Infrared transmittance spectra of catalyst samples are shown in Fig. 4. The infrared vibration peak of the metal–oxygen bond falls in the lower wavelength region (< 800 cm⁻¹) due to the high atomic weight of metal and the reduced mass of the metal–oxygen pair (compared to nonmetal-oxygen pairs such as OH, C-O) [35]. The Ni–O vibration peak for free NiO species was reported at 433 cm⁻¹ [36]. The IR vibration peak < 433 cm⁻¹ indicates the weakening of bond strength between Ni and O (Ni–O bond) and the strengthening of bond strength between NiO and another metal M′ (NiO–M′ bond). The infrared peak beyond 1000 cm⁻¹ is due to “CO₂-interacting surface species” and surface hydroxyl.

Fig. 4

Infrared transmittance spectra of (a) all catalysts calcined at 600 °C (b) all catalysts calcined at 800 °C (c) Ni/TiO₂-600 and Ni/TiO₂-800 (d) Ni/Al₂O₃-600 and Ni/Al₂O₃-800 (e) Ni/MgO-600 and Ni/MgO-800 (f) Ni/ZrO₂-600 and Ni/ZrO₂-800

The Titania-supported Ni catalyst has a band related chiefly to stretching and bending vibration of OH at 3425 cm⁻¹ and 1625 cm⁻¹ respectively (Fig. 4a). Interestingly, if a titania-supported Ni catalyst is prepared at a higher calcination temperature (800 °C), the band of these hydroxyl groups is intensified (Fig. 4b, c) and the intensity of these bonds at Ni/TiO₂-800 is greater than that of other catalysts. TiO₂-supported Ni catalysts have a peak between 400 and 800 cm⁻¹ corresponding to Ti–O bending and stretching vibrations [37]. The vibrational peak due to Ni–O is not specified over the given IR spectra, or it may merge with the broad vibration peak of Ti–O (Fig. 4c). It is observed that at a higher calcination temperature (800 °C), the intensity of the vibration band of Ti–O decreases indicating a possible interaction of Ti–O with another metal at a higher calcination temperature.

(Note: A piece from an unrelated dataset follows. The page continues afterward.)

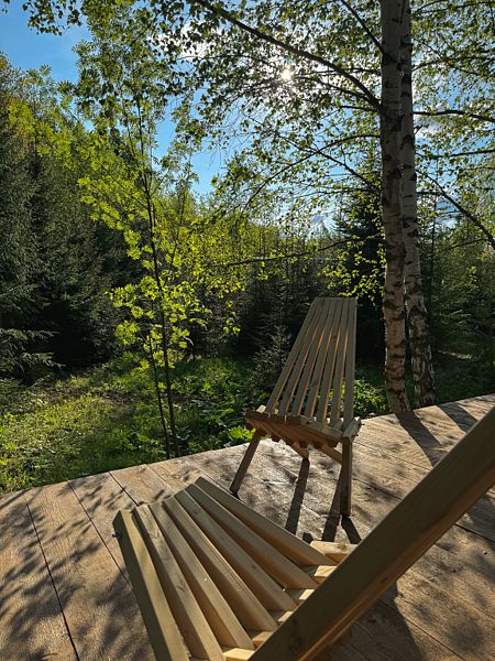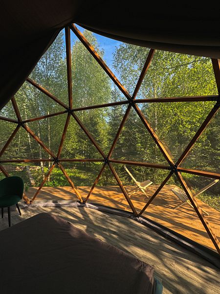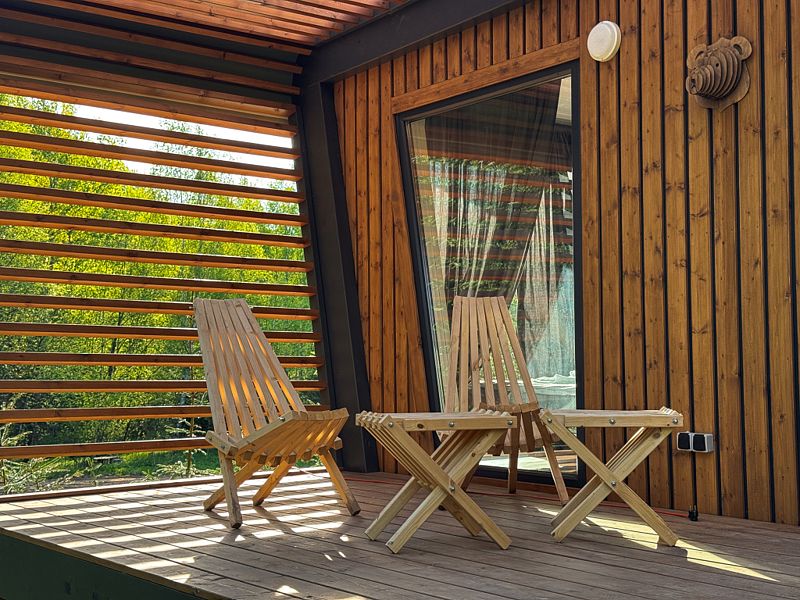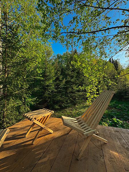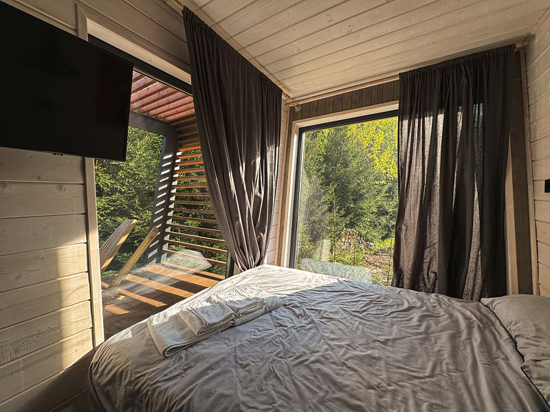 Семейный отдыхДостоинстваНаш семейный отдых удался на славу! Менеджер был очень отзывчивым и помогал нам освоиться на месте. Домики уютные и чистые, с потрясающим видом на лес. Муж оценил банный чан по достоинству, а мы с сыном провели чудесный день у водохранилища, до которого добрались на велосипеде (кстати, велосипеды предоставляются, что очень удобно). В общем, место идеальное для семейного или дружеского отдыха. Обязательно вернемся!

If the ZrO₂-supported Ni catalyst is synthesized at a high calcination temperature (800 °C), the intensity of the hydroxyl band is decreased compared to the catalyst calcined at a lower calcination temperature (600 °C) (Fig. 4f). This observation is just the reverse of the TiO₂-supported Ni catalyst. Zirconia-supported Ni catalyst calcined at lower temperatures has a peak at 422 cm⁻¹, which indicates the strengthening of the bond between NiO and support metal (NiO-M′ bond). Simply, it indicates the increased metal-support interaction (then an IR vibration peak at 433 cm⁻¹ for free NiO). Apart from these, there are also several vibration peaks at 496 cm⁻¹, 550 cm⁻¹, 584 cm⁻¹, 629 cm⁻¹, and 750 cm⁻¹ for Zr-O bond vibration [15, 38].

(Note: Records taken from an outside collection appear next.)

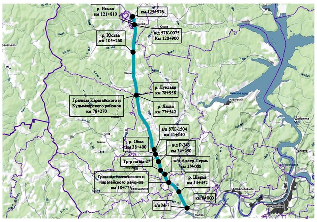 Координаты элементов автомобильной дороги и дорожных сооружений |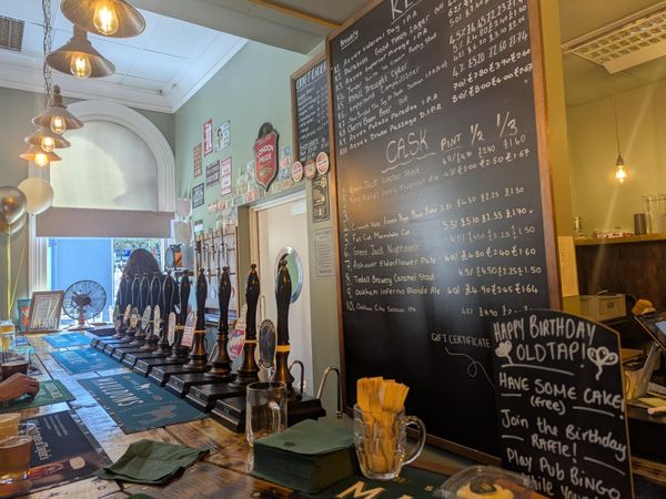 Town centre bar in a former bank building that has been completely refurbished inside with a hand built bar. There are bar stools and seating in the bar area with additional seating in a side room. 10 hand pumps and 10 craft taps serve an ever-changing range of ales with a fridge containing ale and cider in bottles and cans. Beer tasting events are held monthly.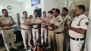 थाना प्रभारी प्रदीप आर्य के नेतृत्व में सकरी थाना में धूमधाम से मनाई गई शस्त्र पूजा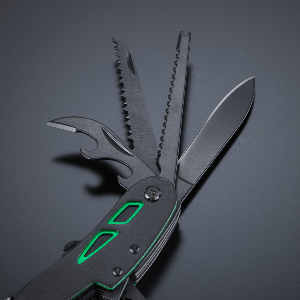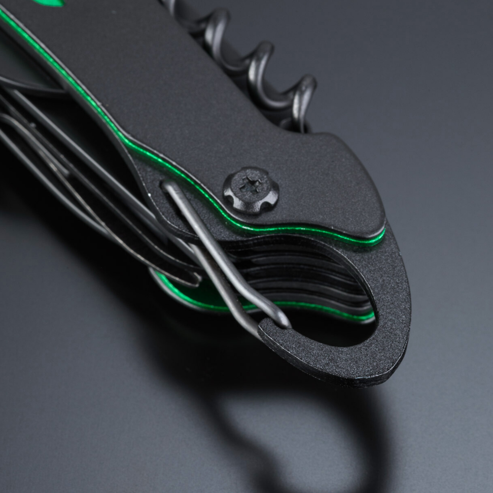 Optima-Taschenmesser im neuen Gewand, hergestellt aus hochwertigem Edelstahl mit Titanbeschichtung für verbesserte Härte und zusätzliche Korrosionsbeständigkeit. Bunte Einsätze am Griff zur dezenten Verzierung. Hauptmerkmale: Schere, Messer, Holzsäge, Flaschen- und Dosenöffner, Fischschaber, Korkenzieher, Locher (zum Durchstechen von z. B. einer Saftdose), Einfädler (zum Flicken von Schläuchen, Nähen von Segelflößen, Flicken eines Reifens), Nagelfeile, Kreuzschlitzschraubendreher. Das Taschenmesser mündet in einen Karabiner, sodass Sie es immer dabei haben können.

IR spectra MgO-supported Ni catalysts have peculiarities in means of the band for surface CO₂-species. It has a diffuse peak at 859 cm⁻¹ for ionic CO₃²⁻ [37,38,39], a broadband (consisting of several overlapping peaks from 1460 cm⁻¹, 1530 cm⁻¹ [40] for ionic and unidentate carbonate species (Fig. 4e). It indicates that MgO supported Ni species can absorb CO₂ from the environment, interact with it and form various CO₂-interacting species on the surface even at room temperature. The effect of calcination temperature on the interaction of CO₂ species over the surface is also evident. The peak intensity from 1460 to 1530 cm⁻¹ increases if the MgO-supported Ni catalyst is calcined at a high calcination temperature (800 °C). It indicates the potential presence of ionic and unidentate carbonate species over a Ni/MgO-800 catalyst. In the Ni/MgO-600 catalyst, the Ni–O vibration peak is observed at 425 cm⁻¹ whereas, over the Ni/MgO-800 catalyst, this peak is shifted to 461 cm⁻¹. It indicates that if MgO-supported catalysts are prepared at higher calcination temperatures, the NiO interaction with the support is weakened. Another peak at 660 cm⁻¹ is due to the stretching vibration of Mg-O [37].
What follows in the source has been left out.